SIX: Don't leave your employees stressing over job security issues. If workers do not feel secure in their positions, they will detach themselves and be less connected with the organization. Studies have shown that employees worried about losing their employment exhibit a much higher rate of absenteeism. Ideally, your staff should be made aware that their jobs are 100% secure... but if this is not the case, be upfront about job status and be clear with employees on the steps they must take to retain their employment. Don't leave people worrying and wondering!
SEVEN: Don't let conflict become a cause of absenteeism. While you can't always avoid the occasional "office spat", be sure to deal with conflict between employees quickly and effectively, before the matter gets out of hand. If workers do not feel that your organization is a place free from bullying, unfair dealings and stressful situations, it will be no big surprise when they don't want to show up and deal with the conflict! If one employee has a personality clash with another, take it upon yourself to resolve the issues to the satisfaction of both parties - otherwise nobody will feel comfortable in the workplace, and you run the risk of rampant absenteeism!
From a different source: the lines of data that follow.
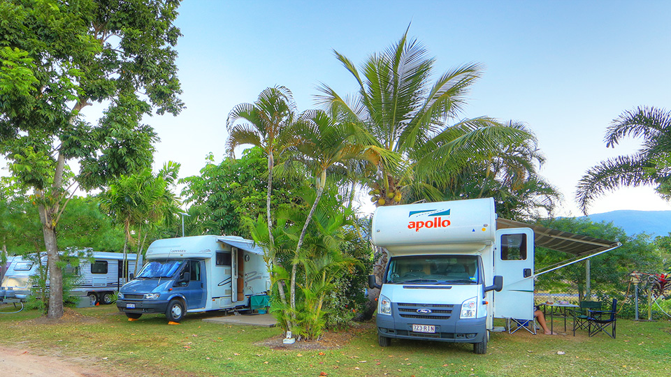 Our powered sites are ideal for travellers who want both convenience and a touch of tropical charm. Whether stopping overnight or settling in for a longer stay, our spacious sites are a combination of slab and grassed spaces with lush tropical shady trees, perfect for caravans, campervans, motorhomes and camper trailers.
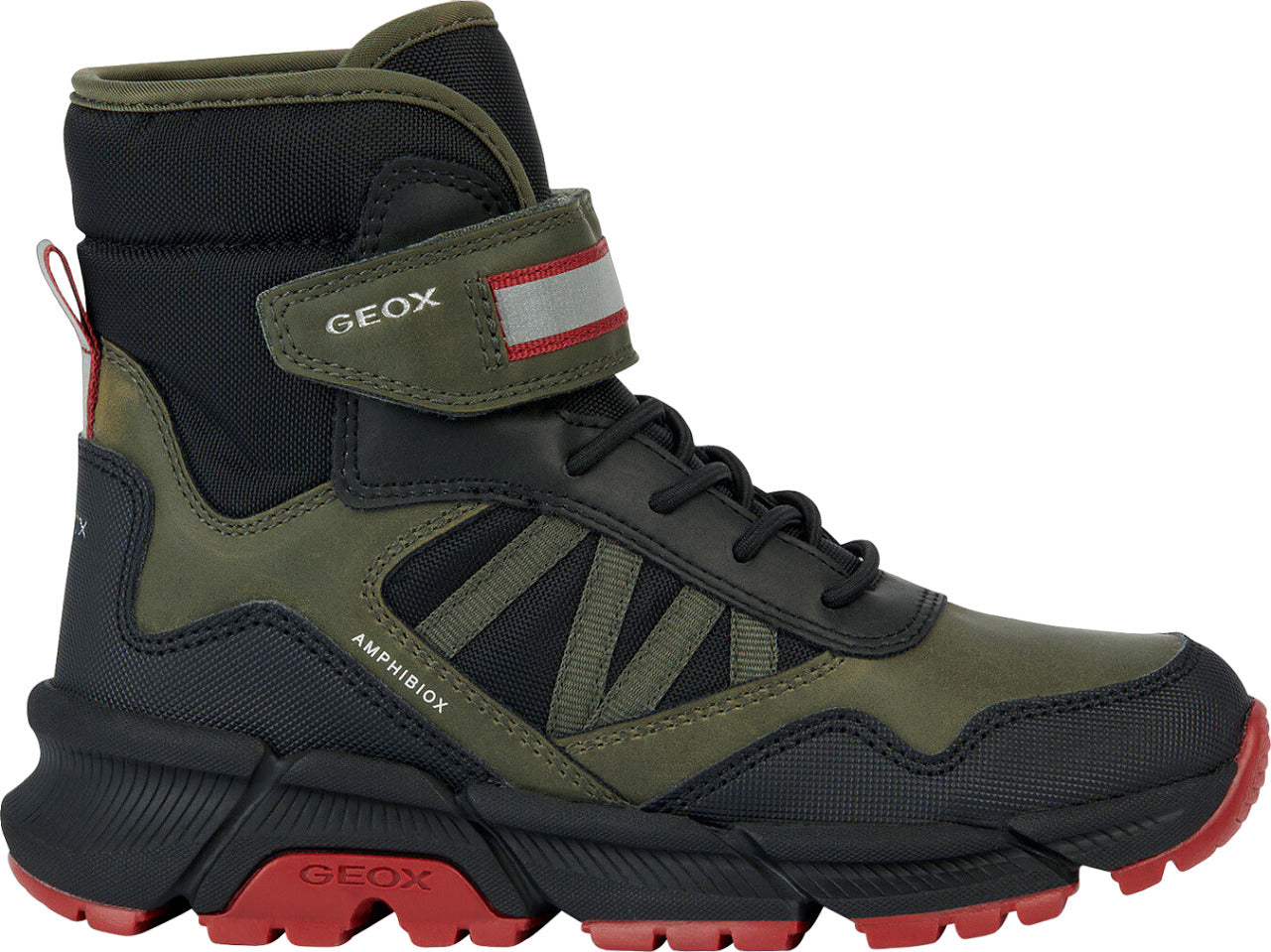 Boy's cozy, waterproof and cushioning ankle boot with an outdoor vibe. This Military version of Flexyper Plus rests on a rubber sole with an outstanding grip that guarantees a stable comfortable gait, even on wet ground. Crafted from a waxed-leather-effect material and nylon, it ensures the utmost protection against the cold and rain and boasts laces and a hook-and-loop strap with reflective detailing.
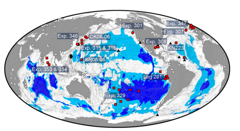 圖1 采樣地點的位置。紅色圓圈分別表示海洋邊緣站點,紅色方塊分別表示開放海洋站點。淺藍色和深藍色區(qū)域分別顯示整個沉積物中可能發(fā)生溶解氧和有氧活動的最大和最小區(qū)域。在14次科學考察中,從40個地點采集了海底以下許多不同深度的299個沉積物樣本,用于比較不同全球海底沉積物微生物群落組成。
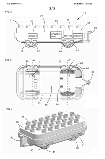rzido Posted January 30, 2019 Posted January 30, 2019 On 9/2/2018 at 4:40 AM, Mr Hobbles said: 4. There is a speedometer on the front wheels! The front wheels are completely free wheeling, but the speedometer also reports the speed that they're going at. Interestingly, if there's no movement on the front wheels, the motored wheels don't go, no matter what commands you give it. So if you tell it to go at speed 100 while holding it in your hands, it will turn on for a second or so, but then turn off again, as the front wheels aren't rotating. It remembers though - if you manually spin the front wheels, it will start moving again. The "Push & Go" patent explains this behaviour. Summarizing it: the base has two axles of wheels, in which the front axle is passive (the wheels follow the movement of the locomotive) and the rear is active (it is motorized). There are two motion detection units. A motion detection unit/sensor is located on the front axle, which detects the movement based on the rotation of the wheels / front axle. The base has a microcontroller unit that detects the signal of the movement sensor of the front axle and based on it activates an electric motor connected to the rear axle that rotates the wheels of this axle continuously. In addition, the locomotive has a second movement sensor connected to the rear axle and capable of detecting a deceleration or a blocking force applied to the movement of the rear axle wheels. If detected, the control unit for the engine and the locomotive stops.The motion detection unit may also detect the rotation speed of the first axis; and based on this, the electric motor starts at a speed that adapts to the speed of rotation detected. It can also detect the direction of rotation of the wheels, applying the driving force to the rear axle in the same direction as the detected rotation. The movement of the front wheels through an action of the Push & Go type activates the operation of the engine, which in turn drives the rear wheels. If you are curious, there are another patents that could be interesting : WO2016177823 (A1) ELECTRICAL CONNECTOR AND CONNECTOR ELEMENTS FOR A MODULAR CONSTRUCTION ELEMENT AND/OR SYSTEM WO2016037977 (A1) A METHOD FOR ESTABLISHING A WIRELESS CONNECTION BETWEEN ELECTRONIC DEVICES WO2017037301 (A1) A TOY CONSTRUCTION SYSTEM COMPRISING A REMOTE CONTROL DEVICE WO2017037302 (A1) A REMOTE CONTROL DEVICE WO2018158357 (A2) AN INTERACTIVE MODULAR CONSTRUCTION ELEMENT AND A MODULAR CONSTRUCTION SYSTEM WITH INTERACTIVE MODULAR CONSTRUCTION ELEMENTS WO2016037978 (A1) A METHOD FOR ESTABLISHING A FUNCTIONAL RELATIONSHIP BETWEEN INPUT AND OUTPUT FUNCTIONS WO2015173246 (A1) A TOY CONSTRUCTION SYSTEM WITH FUNCTION CONSTRUCTION ELEMENTS WO2016124584 (A2) TOY SYSTEM COMPRISING TOY ELEMENTS THAT ARE DETECTABLE BY A COMPUTING DEVICE WO2016062671 (A1) A TOY CONSTRUCTION SYSTEM AND A METHOD FOR A SPATIAL STRUCTURE TO BE DETECTED BY AN ELECTRONIC DEVICE COMPRISING A TOUCH SCREEN Quote
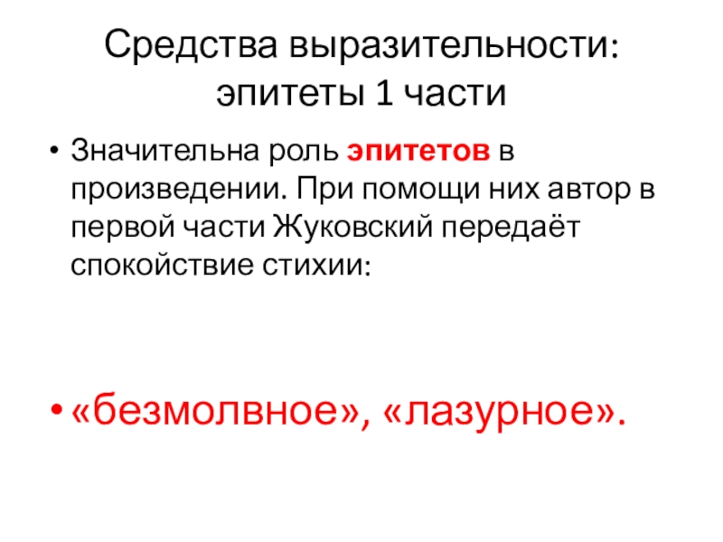 них автор в первой части Жуковский передаёт спокойствие стихии:
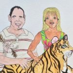 Molly is an Los Angeles artist whose subject matter, as their site describes, “blurs the intersection of the dreamy and the deranged.” That might mean paintings of crying Miss Universe pageant queens or people excitedly posing with tigers.

EIGHT: Don't be stingy with employee recognition. If workers are doing a good job, let them know it! Make it a policy to offer praise - or even tangible rewards - to encourage high performance. A feeling of appreciation keeps employees content in their work and committed to the organization. If they feel well-treated by their company, workers will not want to skip out on the job without a valid reason.
NINE: Be accommodating so employees will not resort to unexcused absenteeism. Do your workers quake in their boots hardly daring to ask for an afternoon off to see their child's school play for fear of your tyrannical response? Naturally, they will find it easier to pretend they are sick and avoid the conflict! The better the attitude you exhibit when approached with requests for time off, the more likely it is that your staff members will understand when you are unable to accommodate their desires. Work with employees who are experiencing health or personal difficulties by devising a schedule of shortened hours or reduced duties to discourage full-blown absenteeism. People who feel they are being dealt with honestly and sympathetically will offer honesty in return.
TEN: Enforce the rules on absenteeism fairly and consistently. You might try your very best to create a workplace with lenient policies regarding time off and sick leave, but your leniency may encourage some people to take advantage of the already accommodating system. Don't let this happen! While there is always room for the occasional exception, the rules are still the rules. Know where to draw the line, and don't hesitate to discipline employees who abuse the privilege of requesting unnecessary absences. As stated in the beginning of this article, make the policies about absenteeism clear to your workers, and then hold them accountable for abiding by the rules. Employees will respect you for not allowing unexcused absences, tardiness and other forms of "slacking off", as long as these policies are enforced universally and with predictable consistency.